Re: Returning a string value from a c function to a Objective-C class method. Is there an approved approach?
Re: Returning a string value from a c function to a Objective-C class method. Is there an approved approach?
- Subject: Re: Returning a string value from a c function to a Objective-C class method. Is there an approved approach?
- From: Steve Sisak <email@hidden>
- Date: Fri, 04 Mar 2016 19:25:24 -0500
> On Mar 4, 2016, at 4:14 PM, Alex Zavatone <email@hidden> wrote:
>
> I'm working with PJSIP and PJ's docs clearly state, "we are going to crater unless you do everything SIP related on the main thread."

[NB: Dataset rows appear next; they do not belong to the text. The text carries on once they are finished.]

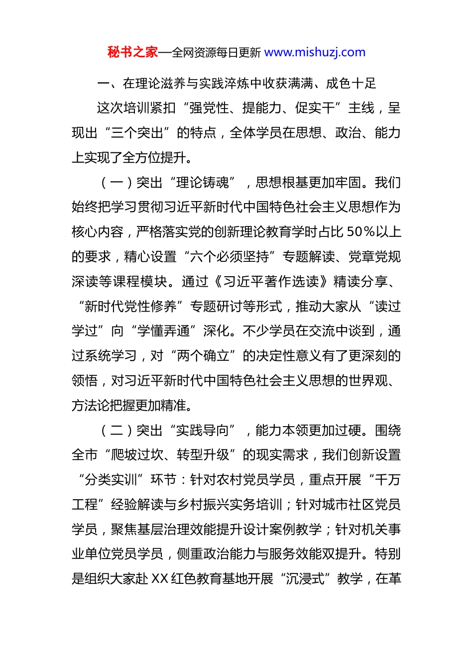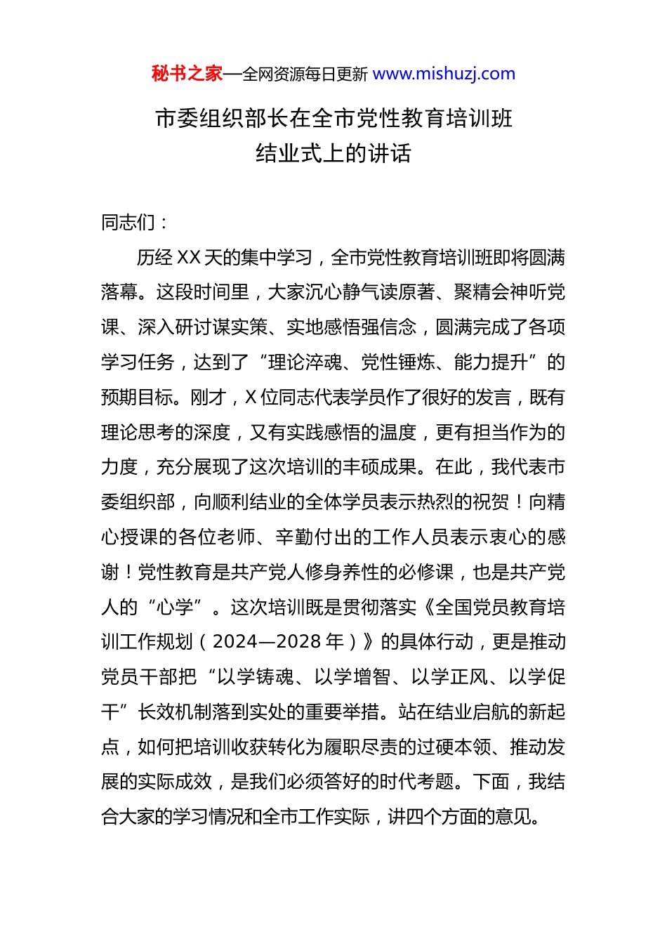 秘书之家—全网资源每日更新 www.mishuzj.com市委组织部长在全市党性教育培训班结业式上的讲话 同志们:历经 XX 天的集中学习,全市党性教育培训班即将圆满落幕。这段时间里,大家沉心静气读原著、聚精会神听党课、深入研讨谋实策、实地感悟强信念,圆满完成了各项学习任务,达到了“理论淬魂、党性锤炼、能力提升”的预期目标。刚才,X 位同志代表学员作了很好的发言,既有理论思考的深度,又有实践感悟的温度,更有担当作为的力度,充分展现了这次培训的丰硕成果。在此,我代表市委组织部,向顺利结业的全体学员表示热烈的祝贺!向精心授课的各位老师、辛勤付出的工作人员表示衷心的感谢!党性教育是共产党人修身养性的必修课,也是共产党人的“心学”。这次培训既是贯彻落实《全国党员教育培训工作规划(2024—2028 年)》的具体行动,更是推动党员干部把“以学铸魂、以学增智、以学正风、以学促干”长效机制落到实处的重要举措。站在结业启航的新起点,如何把培训收获转化为履职尽责的过硬本领、推动发展的实际成效,是我们必须答好的时代考题。下面,我结合大家的学习情况和全市工作实际,讲四个方面的意见。秘书之家—全网资源每日更新 www.mishuzj.com一、在理论滋养与实践淬炼中收获满满、成色十足这次培训紧扣“强党性、提能力、促实干”主线,呈现出“三个突出”的特点,全体学员在思想、政治、能力上实现了全方位提升。(一)突出“理论铸魂”,思想根基更加牢固。我们始终把学习贯彻习近平新时代中国特色社会主义思想作为核心内容,严格落实党的创新理论教育学时占比 50%以上的要求,精心设置“六个必须坚持”专题解读、党章党规深读等课程模块。通过《习近平著作选读》精读分享、“新时代党性修养”专题研讨等形式,推动大家从“读过学过”向“学懂弄通”深化。不少学员在交流中谈到,通过系统学习,对“两个确立”的决定性意义有了更深刻的领悟,对习近平新时代中国特色社会主义思想的世界观、方法论把握更加精准。(二)突出“实践导向”,能力本领更加过硬。围绕全市“爬坡过坎、转型升级”的现实需求,我们创新设置“分类实训”环节:针对农村党员学员,重点开展“千万工程”经验解读与乡村振兴实务培训;针对城市社区党员学员,聚焦基层治理效能提升设计案例教学;针对机关事业单位党员学员,侧重政治能力与服务效能双提升。特别是组织大家赴 XX 红色教育基地开展“沉浸式”教学,在革秘书之家—全网资源每日更新 www.mishuzj.com命先辈的奋斗事迹中感悟初心使命;深入重点项目现场进行“体验式”调研,在发展一线寻找解题思路。从培训成效看,大家普遍反映,这种“理论+实践”的模式,既补了“思想之钙”,又充了“能力之电”,面对实际工作中的“硬骨头”更有底气了。(三)突出“从严治学”,作风形象更加严实。我们严格落实学员管理规定,实行“每日考勤、每周小结、结业考评”制度,组建临时党支部强化自我管理,确保培训不走过场。从日常督查情况看,全体学员都能迅速实现“角色转换”,主动放下事务、静下心来学习,课堂上专心听讲、研讨中踊跃发言、调研时深入思考。有几位来自基层的学员,白天参加集中学习,晚上还在宿舍整理笔记、查阅资料,这种求知若渴的态度令人感动。更可贵的是,大家严格遵守中央八项规定精神,不搞迎来送往,不搞人情往来,展现了新时代党员干部的良好风貌。可以说,这次培训不是“一阵风”的学习,而是“沉浸式”的淬炼;不是“填鸭式”的灌输,而是“启发式”的提升。大家的收获,既有理论上的清醒,更有政治上的坚定;既有思想上的共鸣,更有行动上的自觉,为回到工作岗位后践行初心使命筑牢了坚实基础。二、在对标对表与自我检视中明晰方向、凝聚共识秘书之家—全网资源每日更新 www.mishuzj.com党性修养没有终点,只有连续不断的新起点。通过这次培训,大家对“什么是党性、如何强党性”有了更深刻的认识,这是最宝贵的精神财富。结合大家的学习感悟,我认为关键要把握好“三个维度”:(一)党性是“绝对忠诚”的政治品格,必须体现在“两个维护”的行动中。习近平总书记强调,“对党忠诚,必须是纯粹的、...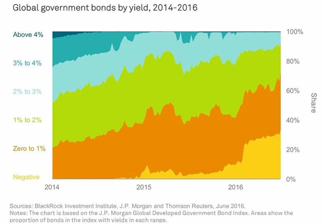 Investoři si musejí zvykat na prostředí nulových či záporných sazeb a nízkou návratnost investic. V době, kdy téměř tři čtvrtiny stáních dluhopisů vynášejí méně než 1 %, se snižují odhady budoucích zisků. Dosažení alespoň nějakého výnosu je velkou výzvou. Je podmíněno vyšším rizikem, a to buď pomocí páky, nebo volbou rizikovějšího aktiva, což dále tlačí ceny rizikových nástrojů výše na úkor konzervativních investic.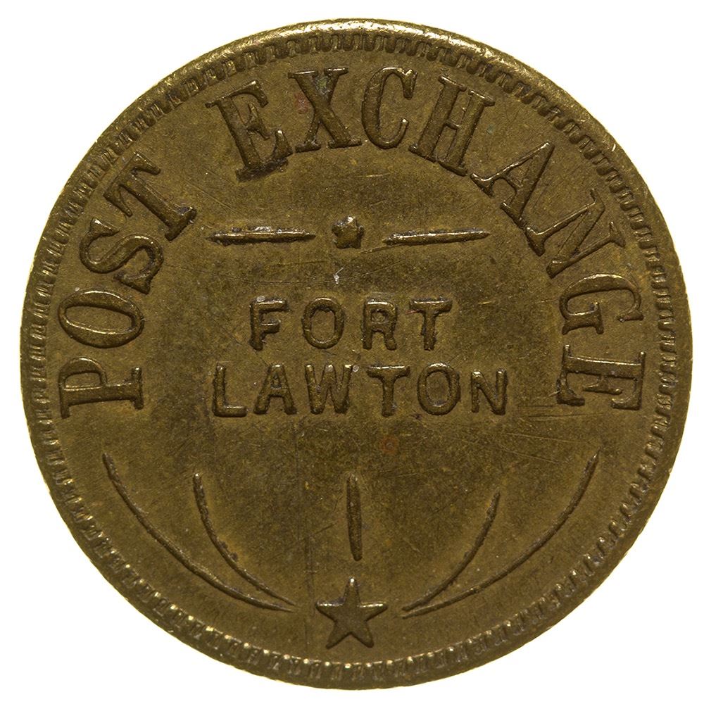 Obv.: Post Exchange / Fort / Lawton. Uniface. Rd., Br., 21mm. City: Fort Lawton State: Washington Date: ID# 45459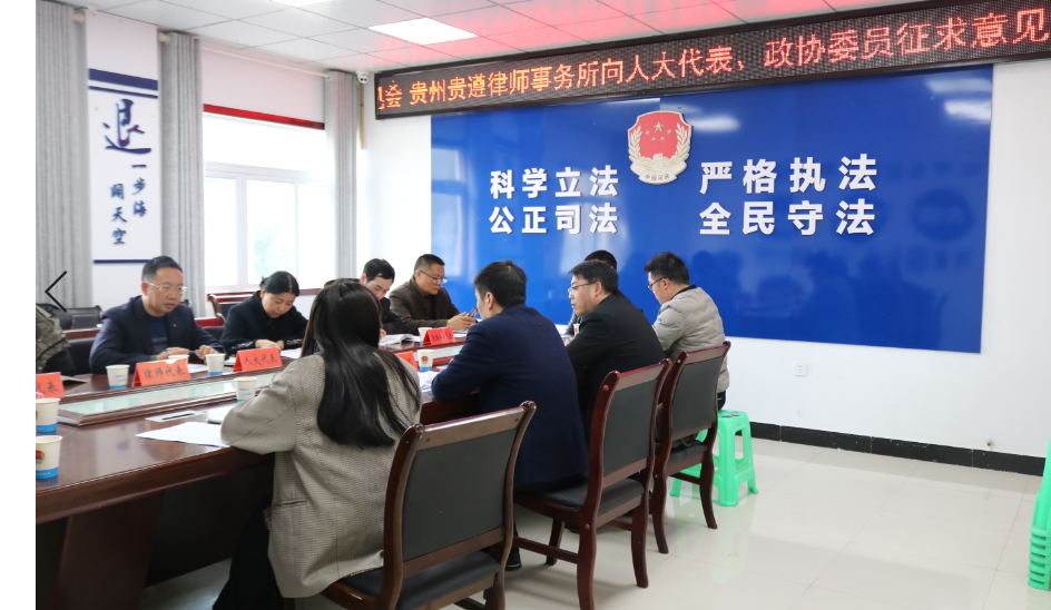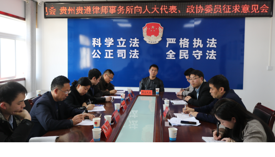 2021年3月23日,贵州贵遵律师事务所在桐梓县司法局召开征求意见会,公开“开门纳谏”,征求人大代表、政协委员、社区代表、群众代表、以及律师同行的意见建议。桐梓县司法局政工科长娄飞等领导列席了此次征求意见会。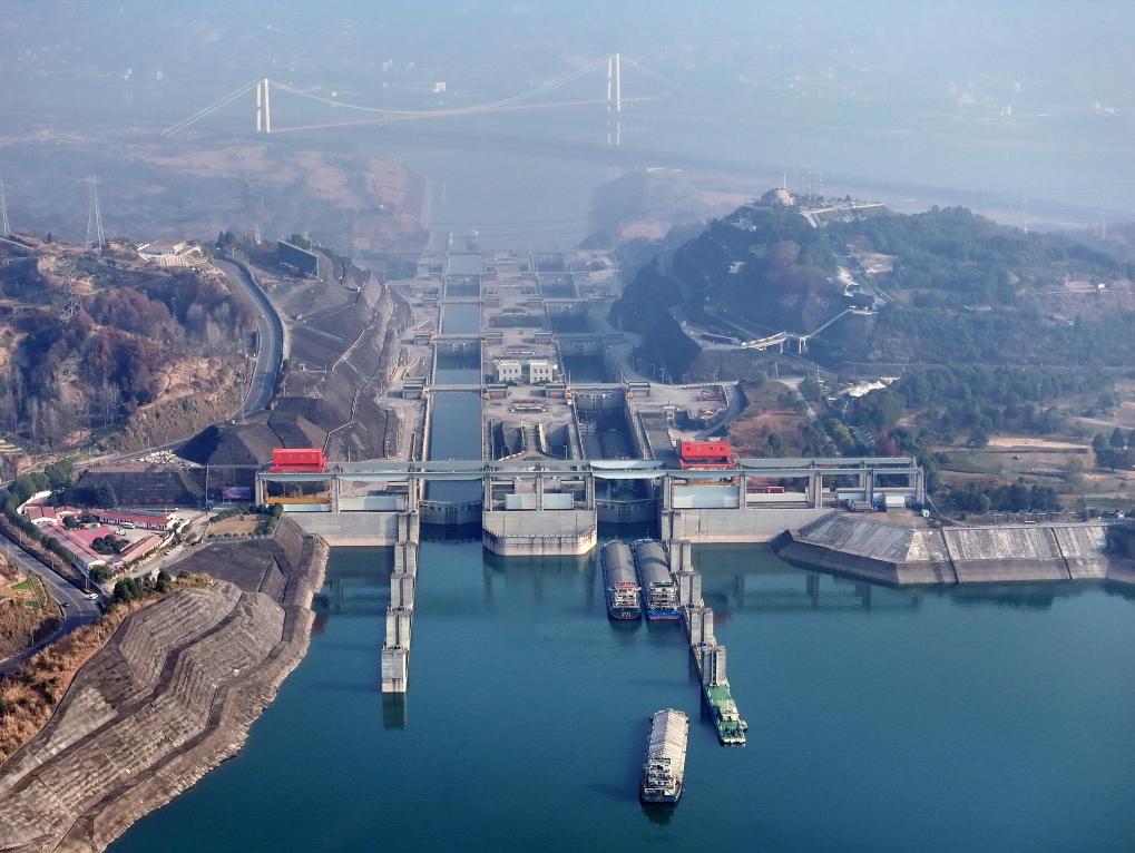 2025年1月1日,在湖北省宜昌市,船舶有序通过三峡枢纽五级船闸(无人机照片)。新华社发(王辉富摄)

Ugh. And of course, doing networking on the main thread is a no-no according to Apple.
——
First, it might be worth seeing if you can have a PJSIP queue (preferred) or thread, which isn’t the main thread — if there are no locks in PJSIP, but it doesn’t use thread-local storage, then it only need to be protected from reentrancy — then you can just make all your PJSIP calls from blocks wrapped in dispatch_async on the PJSIP queue. Thread-local storage complicates this. But I digress…
——
How is the storage of your C strings allocated? malloc()?
What I’d do is use CFString (from CoreFoundation, which is a C API and does all the right callback stuff) and take advantage of the fact the CFString is toll-free bridged to NSString.
Now your C code returns a CFString (C API) which can be cast to NSString as soon at it hits Obj-C code.